April 6, 2018 at 1:53 p.m.
WORD OF FAITH

All Christians are one loaf


By REV. ROGER KARBAN- | Comments: 0 | Leave a comment

 

 

If your parish uses "individual wafers" for Eucharistic bread, you'd best substitute another passage for Sunday's second reading (I Cor 10: 16-17).

Back to that issue later. In the meantime, it's easy to see how the first and third readings relate to one another. The Gospel (Jn 6: 51-58) makes sense only when we know the event to which Moses refers in the first reading (Dt 8: 2-3, 14-16).

Reminding his people about their experience of wilderness wandering, the great Jewish liberator states, God "let you be afflicted with hunger and then fed you with manna, a food unknown to you and your ancestors, in order to show you that not by bread alone does one live, but by every work that comes forth from the mouth of the Lord."

Just as deliverance from saraph serpents and water flowing from a rock demonstrated Yahweh's great love for a group of homeless Israelites, so manna from heaven became synonymous for the concern God has for those who give themselves over to God.

Living bread

Presuming this, and building on a belief that anything Yahweh did for Jews, Yahweh (through Jesus) does better for Christians, John stresses the life-giving dimension of consuming His body and blood.

"I am the living bread that came down from heaven; whoever eats this bread will live forever, and the bread I will give is my flesh for the life of the world....Unlike your ancestors who ate and still died, whoever eats this bread will live forever."

The image is clear; the theology well-known. There's no need to expound on it here. On the other hand, the image and theology in the second reading is certainly clear, but not very well-known. Written more than 10 years before Mark composed the first Gospel, this is the earliest explicit reference to the Eucharist in Christian literature, found one chapter before Paul's Last Supper account in I Corinthians 11.

Paul didn't write these lines because he wanted to instruct his people on the Eucharist. He simply was concerned with issues dividing the Corinthian church, especially questions about eating food once offered to idols.
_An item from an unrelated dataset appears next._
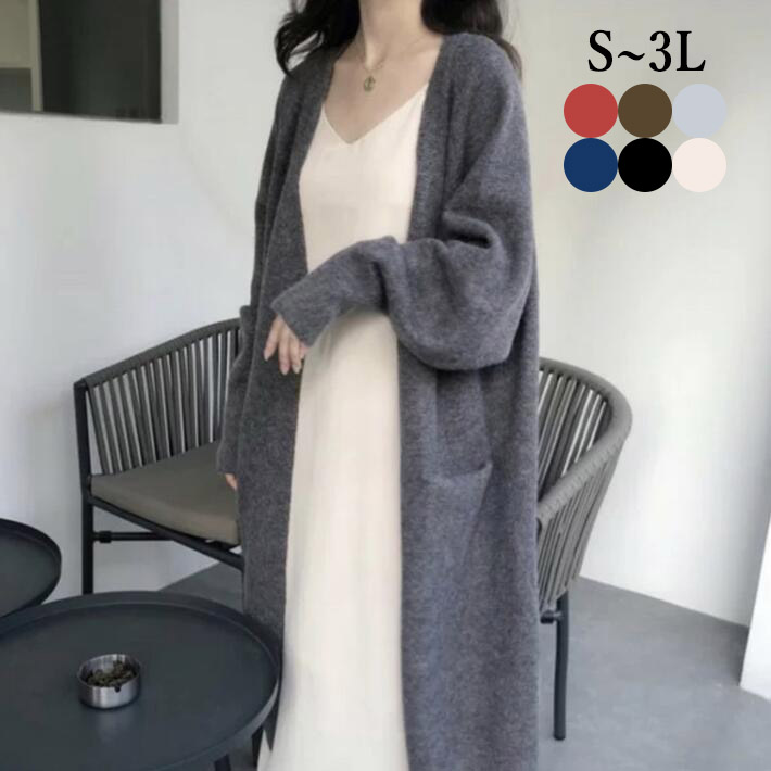 カーディガン レディースニットカーディガン ロングカーディガンアウターニット ゆるニット 洗えるニット ロングカーデ ビッグ カーデ大きいサイズ 無地羽織春秋SML2L3L
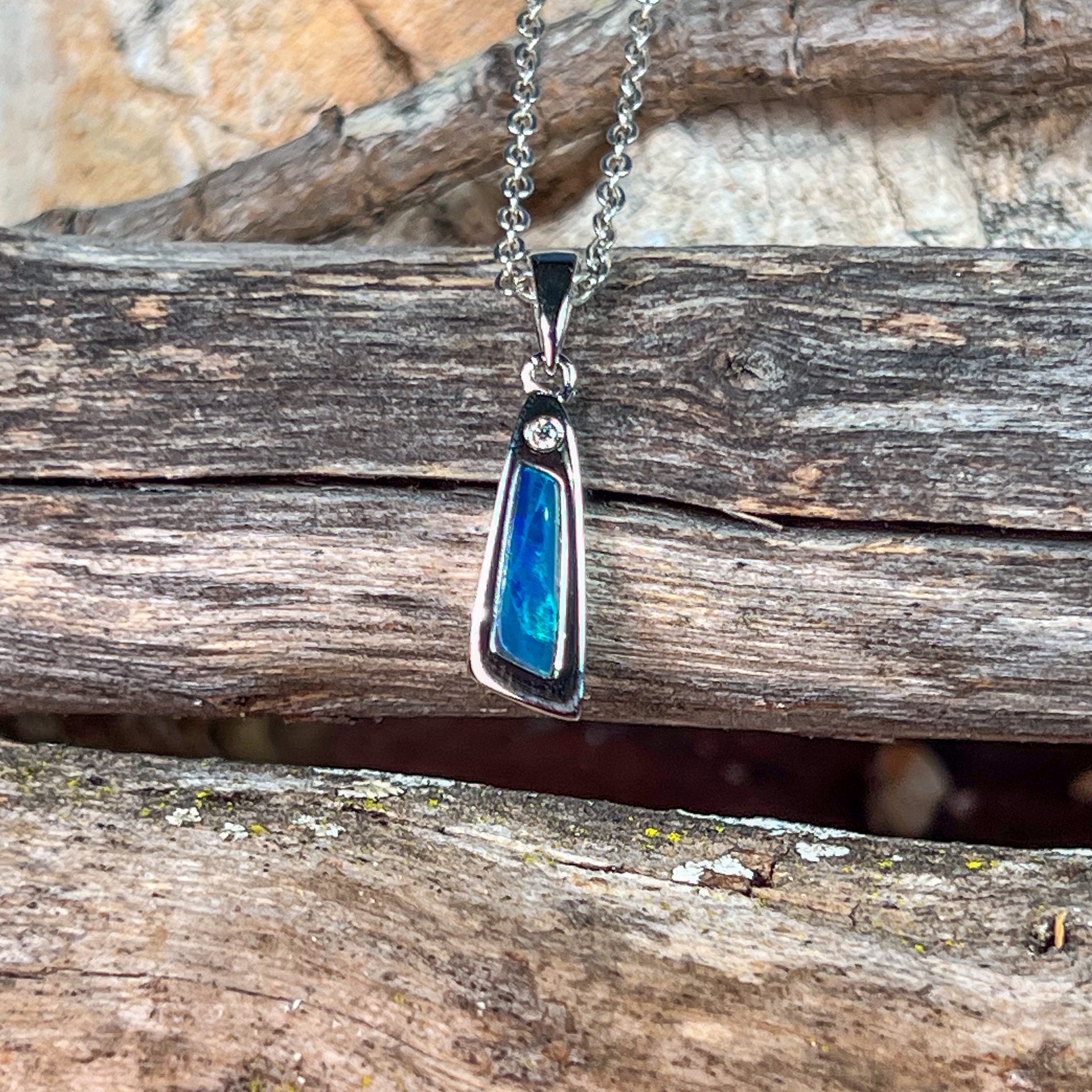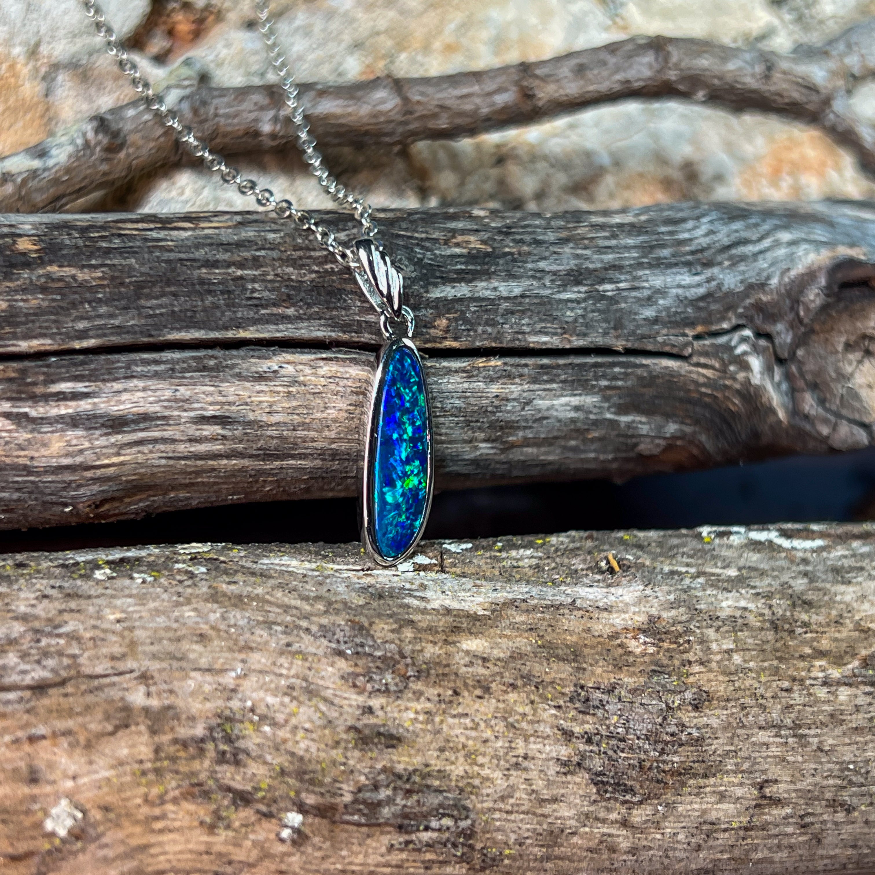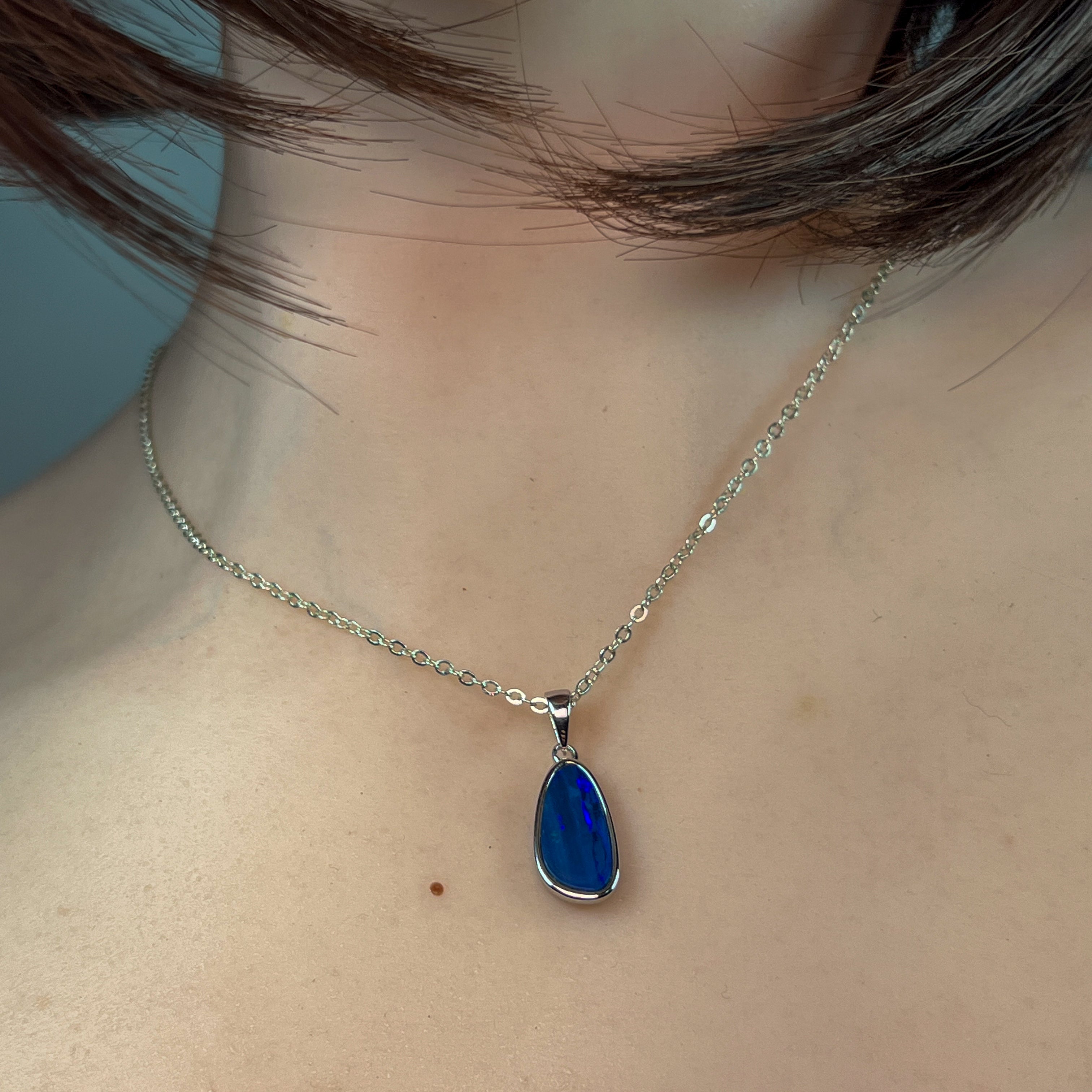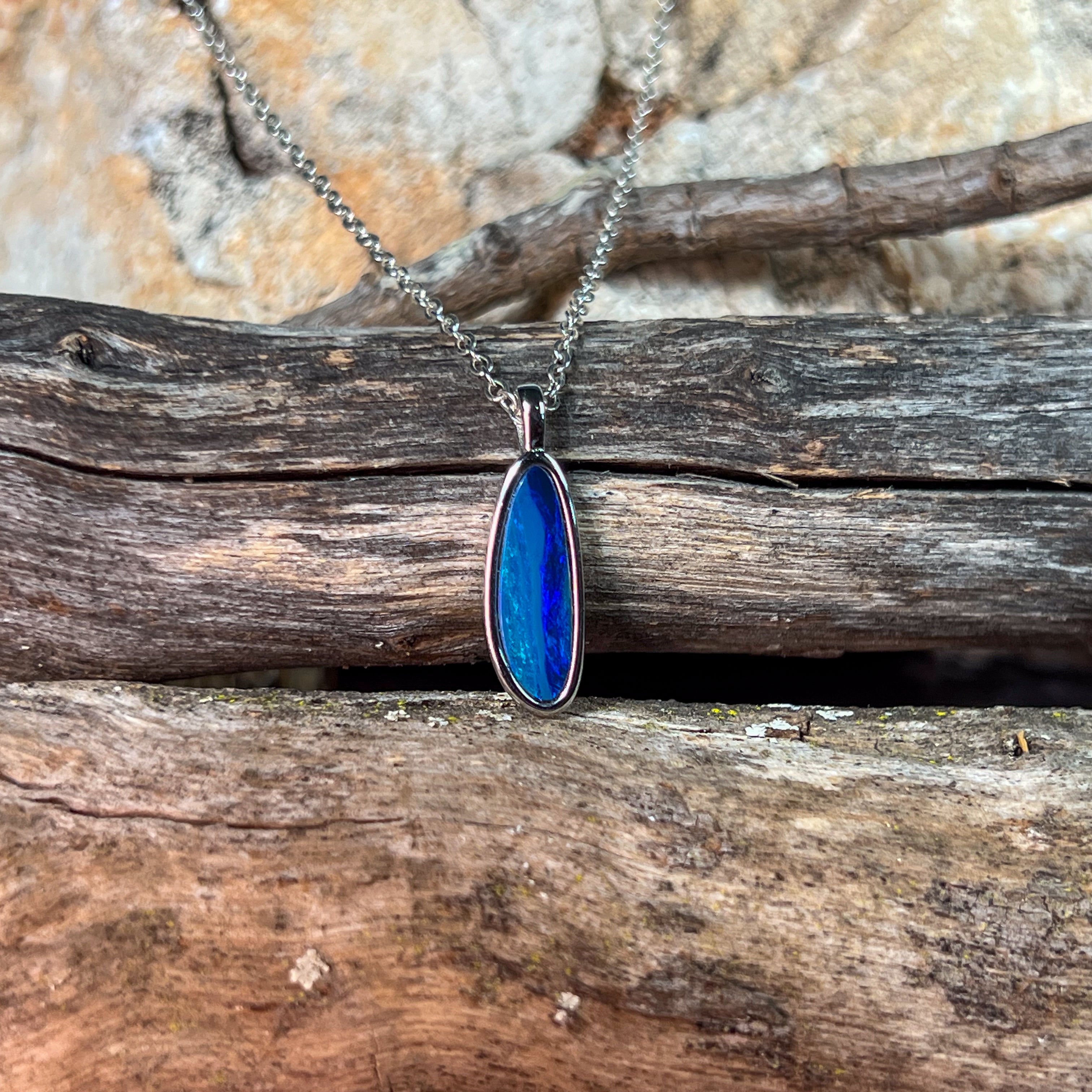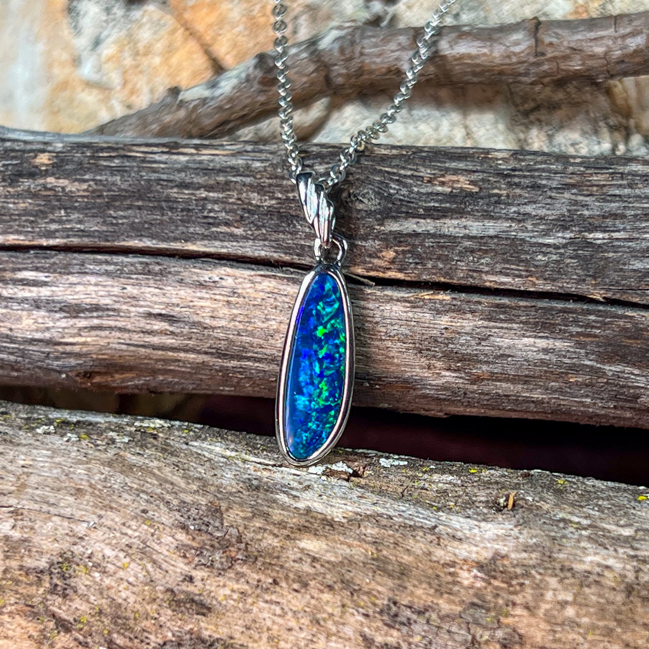 Sterling Silver long Drop shape Blue Green Opal doublet pendant

Reminding his readers that they're united in sharing both the cup of blessing and the Eucharistic bread, he states, the cup is "a participation in the blood of Christ;" the bread is "a participation in the body of Christ."

But then he goes one step further: "Because the loaf of bread is one, we, though many, are one body, for we all partake of the one loaf." The Eucharist actually helps create unity by offering us one loaf of bread to eat. The one loaf is a sign that all who consume it are one.

For Paul, our participation in the blood and body of Christ is a unifying element. The outward signs of one bread and one cup remind us to sacrifice our own "body and blood" in the process of becoming one with all who join us in the celebration.

With Jesus

In preparation for First Communion, most of us were taught that receiving the Eucharist was "something between Jesus and me." Other people present during the celebration were simply occasions of sinful distraction, temptations leading us away from concentrating on Jesus. Paul never would have understood such a theology.

But one of the sad remnants of that teaching is our common practice of having neat, individual servings instead of a cumbersome, sometimes messy, loaf of bread. Paul believes that forming community is just as cumbersome and messy as the one loaf used in his churches. Yet it's a commitment all Christians should make.

BY the way, if you choose to replace the second reading with another, there's one problem: I don't know of any passage from the Christian Scriptures that defends the use of individual servings.
(05-30-02) [[In-content Ad]]


Comments:

You must login to comment.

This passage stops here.